Moonshot open-sources Kimi K2.6 to power long-horizon coding

Moonshot AI has just rolled out Kimi K2.6, bringing an open-source model tuned for long-running coding, heavy tool use, and multi-agent “swarm” workflows. The company claims multi-hour runs with thousands of tool calls, plus stronger benchmarks across SWE-Bench and agentic tasks.

kimi cover

TL;DR

  • **Open-sourced Kimi K2.6:** Focus on coding performance, long-horizon tool use, and **agent swarm** workflows
  • **Availability:** Via Kimi.com, Kimi App, API, and Kimi Code
  • **Long-horizon coding demos:** 4,000+ tool calls, 12+ hours; **Zig** inference optimized to ~193 tokens/sec (~20% faster than LM Studio)
  • **exchange-core optimization:** 13 hours, 1,000+ tool calls, 4,000+ LOC changed; thread topology 4ME+2RE→2ME+1RE; +185% MT/s
  • **Agent Swarm scaling:** **300 sub-agents** and **4,000 coordinated steps** (from 100 and 1,500); targets lower latency, multi-part deliverables
  • **Benchmarks up vs K2.5:** HLE-Full w/ tools 54.0, Terminal-Bench 66.7, SWE-Bench Pro 58.6, Verified 80.2; official results via API and KVV

Moonshot AI has open-sourced its latest model, Kimi K2.6, positioning the release around coding performance, longer-running tool use, and “agent swarm” workflows. The company says K2.6 is available through Kimi.com, the Kimi App, the API, and Kimi Code.

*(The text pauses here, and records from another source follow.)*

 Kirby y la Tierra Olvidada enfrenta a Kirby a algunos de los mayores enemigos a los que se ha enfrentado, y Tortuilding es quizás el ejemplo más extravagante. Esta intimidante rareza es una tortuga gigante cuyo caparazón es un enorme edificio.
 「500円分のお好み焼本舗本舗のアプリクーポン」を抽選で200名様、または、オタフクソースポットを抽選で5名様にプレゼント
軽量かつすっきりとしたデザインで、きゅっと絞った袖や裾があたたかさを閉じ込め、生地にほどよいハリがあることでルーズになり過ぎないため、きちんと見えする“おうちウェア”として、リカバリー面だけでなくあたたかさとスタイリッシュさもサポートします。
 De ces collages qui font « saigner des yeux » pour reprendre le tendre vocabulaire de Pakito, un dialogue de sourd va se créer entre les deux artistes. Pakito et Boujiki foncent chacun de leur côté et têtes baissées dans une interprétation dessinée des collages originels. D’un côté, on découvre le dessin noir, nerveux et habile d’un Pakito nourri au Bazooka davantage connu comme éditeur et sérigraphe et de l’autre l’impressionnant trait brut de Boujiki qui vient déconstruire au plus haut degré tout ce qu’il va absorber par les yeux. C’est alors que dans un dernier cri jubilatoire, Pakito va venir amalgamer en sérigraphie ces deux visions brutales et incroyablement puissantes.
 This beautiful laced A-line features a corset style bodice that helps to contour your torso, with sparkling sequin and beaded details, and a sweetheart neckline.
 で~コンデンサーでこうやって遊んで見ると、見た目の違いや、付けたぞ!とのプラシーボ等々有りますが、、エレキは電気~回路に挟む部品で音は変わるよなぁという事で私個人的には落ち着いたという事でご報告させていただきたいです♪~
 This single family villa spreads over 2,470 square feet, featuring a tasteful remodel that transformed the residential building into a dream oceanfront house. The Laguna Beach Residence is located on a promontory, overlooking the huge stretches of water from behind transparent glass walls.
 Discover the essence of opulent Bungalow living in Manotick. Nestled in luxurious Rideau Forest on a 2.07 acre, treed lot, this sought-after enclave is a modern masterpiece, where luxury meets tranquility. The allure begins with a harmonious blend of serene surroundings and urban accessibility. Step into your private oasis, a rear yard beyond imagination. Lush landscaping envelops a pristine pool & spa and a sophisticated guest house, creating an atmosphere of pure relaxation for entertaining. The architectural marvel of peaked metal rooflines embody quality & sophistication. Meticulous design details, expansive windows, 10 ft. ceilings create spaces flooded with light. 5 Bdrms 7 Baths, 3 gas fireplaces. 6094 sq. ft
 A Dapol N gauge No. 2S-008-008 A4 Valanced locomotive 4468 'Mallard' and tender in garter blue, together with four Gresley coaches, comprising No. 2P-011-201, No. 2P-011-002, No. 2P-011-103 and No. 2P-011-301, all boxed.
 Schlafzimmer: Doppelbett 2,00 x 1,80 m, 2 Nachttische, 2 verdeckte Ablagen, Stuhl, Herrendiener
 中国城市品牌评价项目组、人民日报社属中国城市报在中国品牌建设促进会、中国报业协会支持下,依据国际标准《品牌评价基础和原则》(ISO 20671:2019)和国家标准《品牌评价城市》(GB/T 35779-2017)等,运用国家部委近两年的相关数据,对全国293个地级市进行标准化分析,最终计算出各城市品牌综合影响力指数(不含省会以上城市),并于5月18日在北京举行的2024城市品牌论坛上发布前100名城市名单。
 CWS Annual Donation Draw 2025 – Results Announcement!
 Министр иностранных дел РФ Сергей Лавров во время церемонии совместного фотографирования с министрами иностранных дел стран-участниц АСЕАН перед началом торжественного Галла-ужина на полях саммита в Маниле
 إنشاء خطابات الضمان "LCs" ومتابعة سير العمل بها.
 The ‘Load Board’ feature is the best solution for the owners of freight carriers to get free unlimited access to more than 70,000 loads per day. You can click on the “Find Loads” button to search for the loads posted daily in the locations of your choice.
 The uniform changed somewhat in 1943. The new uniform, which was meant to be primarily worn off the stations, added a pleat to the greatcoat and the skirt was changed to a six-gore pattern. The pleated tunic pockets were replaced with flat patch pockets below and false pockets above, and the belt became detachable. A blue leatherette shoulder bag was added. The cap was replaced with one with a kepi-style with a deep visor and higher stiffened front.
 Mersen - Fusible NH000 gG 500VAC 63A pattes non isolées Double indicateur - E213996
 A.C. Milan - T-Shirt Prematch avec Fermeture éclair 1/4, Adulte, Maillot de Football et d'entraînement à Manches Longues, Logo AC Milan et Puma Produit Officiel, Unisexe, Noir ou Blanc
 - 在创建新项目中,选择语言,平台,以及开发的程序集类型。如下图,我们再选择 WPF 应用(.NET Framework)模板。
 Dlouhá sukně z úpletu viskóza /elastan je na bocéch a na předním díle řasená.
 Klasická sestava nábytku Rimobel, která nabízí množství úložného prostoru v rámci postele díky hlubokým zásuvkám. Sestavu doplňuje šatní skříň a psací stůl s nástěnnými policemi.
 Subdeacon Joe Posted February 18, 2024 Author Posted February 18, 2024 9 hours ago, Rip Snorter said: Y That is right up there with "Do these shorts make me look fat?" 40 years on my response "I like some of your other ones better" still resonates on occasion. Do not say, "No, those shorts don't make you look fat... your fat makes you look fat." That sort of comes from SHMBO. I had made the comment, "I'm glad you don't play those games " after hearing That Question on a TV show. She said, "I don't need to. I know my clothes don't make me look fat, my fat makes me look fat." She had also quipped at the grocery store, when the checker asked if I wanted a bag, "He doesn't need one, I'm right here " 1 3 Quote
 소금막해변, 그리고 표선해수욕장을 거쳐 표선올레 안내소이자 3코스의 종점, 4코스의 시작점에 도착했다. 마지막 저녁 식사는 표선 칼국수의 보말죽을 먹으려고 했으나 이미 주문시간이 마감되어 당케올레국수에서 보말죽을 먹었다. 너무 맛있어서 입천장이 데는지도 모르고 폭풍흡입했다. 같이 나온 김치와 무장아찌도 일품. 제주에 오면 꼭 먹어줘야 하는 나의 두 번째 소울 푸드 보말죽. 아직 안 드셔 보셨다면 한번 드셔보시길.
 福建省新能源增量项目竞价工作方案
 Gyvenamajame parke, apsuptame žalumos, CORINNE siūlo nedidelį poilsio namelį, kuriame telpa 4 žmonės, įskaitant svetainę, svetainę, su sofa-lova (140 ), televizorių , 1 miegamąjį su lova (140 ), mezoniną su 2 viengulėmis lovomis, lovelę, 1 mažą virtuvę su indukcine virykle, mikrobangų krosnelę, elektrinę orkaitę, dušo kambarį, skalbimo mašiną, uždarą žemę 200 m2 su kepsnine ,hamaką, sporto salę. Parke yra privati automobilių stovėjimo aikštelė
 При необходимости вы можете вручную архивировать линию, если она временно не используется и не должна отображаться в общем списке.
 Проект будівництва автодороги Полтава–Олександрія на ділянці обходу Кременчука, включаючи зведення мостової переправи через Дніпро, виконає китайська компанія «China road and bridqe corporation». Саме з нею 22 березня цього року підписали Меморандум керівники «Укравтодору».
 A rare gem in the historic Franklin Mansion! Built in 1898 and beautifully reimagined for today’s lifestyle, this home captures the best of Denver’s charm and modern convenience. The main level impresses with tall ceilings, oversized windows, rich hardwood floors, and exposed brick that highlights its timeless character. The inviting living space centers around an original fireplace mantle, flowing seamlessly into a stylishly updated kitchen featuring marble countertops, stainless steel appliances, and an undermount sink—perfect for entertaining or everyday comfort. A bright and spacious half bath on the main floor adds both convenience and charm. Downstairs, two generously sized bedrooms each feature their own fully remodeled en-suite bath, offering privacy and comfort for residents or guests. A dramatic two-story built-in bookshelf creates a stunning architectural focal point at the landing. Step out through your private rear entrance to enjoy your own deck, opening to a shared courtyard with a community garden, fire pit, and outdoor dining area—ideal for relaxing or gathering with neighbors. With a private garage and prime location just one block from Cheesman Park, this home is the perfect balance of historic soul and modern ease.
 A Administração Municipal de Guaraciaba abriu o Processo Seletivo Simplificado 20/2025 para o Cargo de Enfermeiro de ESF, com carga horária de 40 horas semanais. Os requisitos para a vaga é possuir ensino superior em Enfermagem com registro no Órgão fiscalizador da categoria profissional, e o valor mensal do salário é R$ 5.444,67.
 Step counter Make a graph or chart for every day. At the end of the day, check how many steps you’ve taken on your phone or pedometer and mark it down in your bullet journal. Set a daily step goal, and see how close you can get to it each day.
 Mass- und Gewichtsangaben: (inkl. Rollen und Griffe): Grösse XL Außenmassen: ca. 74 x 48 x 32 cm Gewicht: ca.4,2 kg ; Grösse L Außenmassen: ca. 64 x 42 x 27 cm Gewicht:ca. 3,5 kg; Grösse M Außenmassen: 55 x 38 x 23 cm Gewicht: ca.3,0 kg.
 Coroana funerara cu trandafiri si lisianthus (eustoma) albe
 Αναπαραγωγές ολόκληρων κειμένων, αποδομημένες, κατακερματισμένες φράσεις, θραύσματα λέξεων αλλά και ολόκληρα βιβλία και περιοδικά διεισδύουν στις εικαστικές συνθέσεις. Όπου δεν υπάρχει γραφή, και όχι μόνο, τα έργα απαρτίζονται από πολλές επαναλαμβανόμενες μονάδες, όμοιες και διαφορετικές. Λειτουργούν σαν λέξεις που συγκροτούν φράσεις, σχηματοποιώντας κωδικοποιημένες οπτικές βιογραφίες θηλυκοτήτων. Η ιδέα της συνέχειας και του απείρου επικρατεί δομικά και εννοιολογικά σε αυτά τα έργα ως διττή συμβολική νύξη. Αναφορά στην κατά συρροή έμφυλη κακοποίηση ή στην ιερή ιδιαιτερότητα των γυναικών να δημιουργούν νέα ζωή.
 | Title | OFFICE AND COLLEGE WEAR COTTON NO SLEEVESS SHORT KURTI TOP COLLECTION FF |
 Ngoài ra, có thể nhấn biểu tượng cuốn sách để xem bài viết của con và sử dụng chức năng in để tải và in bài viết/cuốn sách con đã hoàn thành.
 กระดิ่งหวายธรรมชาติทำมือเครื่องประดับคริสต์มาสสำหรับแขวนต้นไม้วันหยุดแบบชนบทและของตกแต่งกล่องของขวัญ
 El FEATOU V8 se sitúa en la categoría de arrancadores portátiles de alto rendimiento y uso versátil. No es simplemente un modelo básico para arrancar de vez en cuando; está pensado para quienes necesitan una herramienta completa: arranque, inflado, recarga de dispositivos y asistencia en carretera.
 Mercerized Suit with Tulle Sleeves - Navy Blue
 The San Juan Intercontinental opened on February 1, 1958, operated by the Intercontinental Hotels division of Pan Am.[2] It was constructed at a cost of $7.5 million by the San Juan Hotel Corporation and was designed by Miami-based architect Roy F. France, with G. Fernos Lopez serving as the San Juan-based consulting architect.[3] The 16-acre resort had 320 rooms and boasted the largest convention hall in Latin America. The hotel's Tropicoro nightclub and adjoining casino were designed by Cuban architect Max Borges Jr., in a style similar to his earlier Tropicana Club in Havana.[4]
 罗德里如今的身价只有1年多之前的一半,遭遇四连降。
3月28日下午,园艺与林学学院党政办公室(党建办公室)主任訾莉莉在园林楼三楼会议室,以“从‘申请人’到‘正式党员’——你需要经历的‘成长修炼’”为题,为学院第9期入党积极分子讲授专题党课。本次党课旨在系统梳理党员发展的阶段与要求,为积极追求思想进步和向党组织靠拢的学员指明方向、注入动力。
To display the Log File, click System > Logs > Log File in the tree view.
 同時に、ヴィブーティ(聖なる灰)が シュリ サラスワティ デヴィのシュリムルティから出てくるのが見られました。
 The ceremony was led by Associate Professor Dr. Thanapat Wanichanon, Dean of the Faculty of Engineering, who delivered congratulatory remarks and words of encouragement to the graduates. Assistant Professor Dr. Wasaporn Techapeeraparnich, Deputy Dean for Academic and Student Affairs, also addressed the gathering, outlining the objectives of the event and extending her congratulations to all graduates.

According to Moonshot AI, K2.6 targets “long-horizon execution” tasks—jobs that require sustained multi-step work across tools—alongside stronger coding and improved coordination across multiple agents.

Long-horizon coding: multi-hour runs and performance tuning

Moonshot AI says Kimi K2.6 improves on long-horizon coding across languages including Rust, Go, and Python, and across categories like front-end work, devops, and performance optimization. On the company’s internal “Kimi Code Bench,” K2.6 is reported to show “significant improvements” over Kimi K2.5.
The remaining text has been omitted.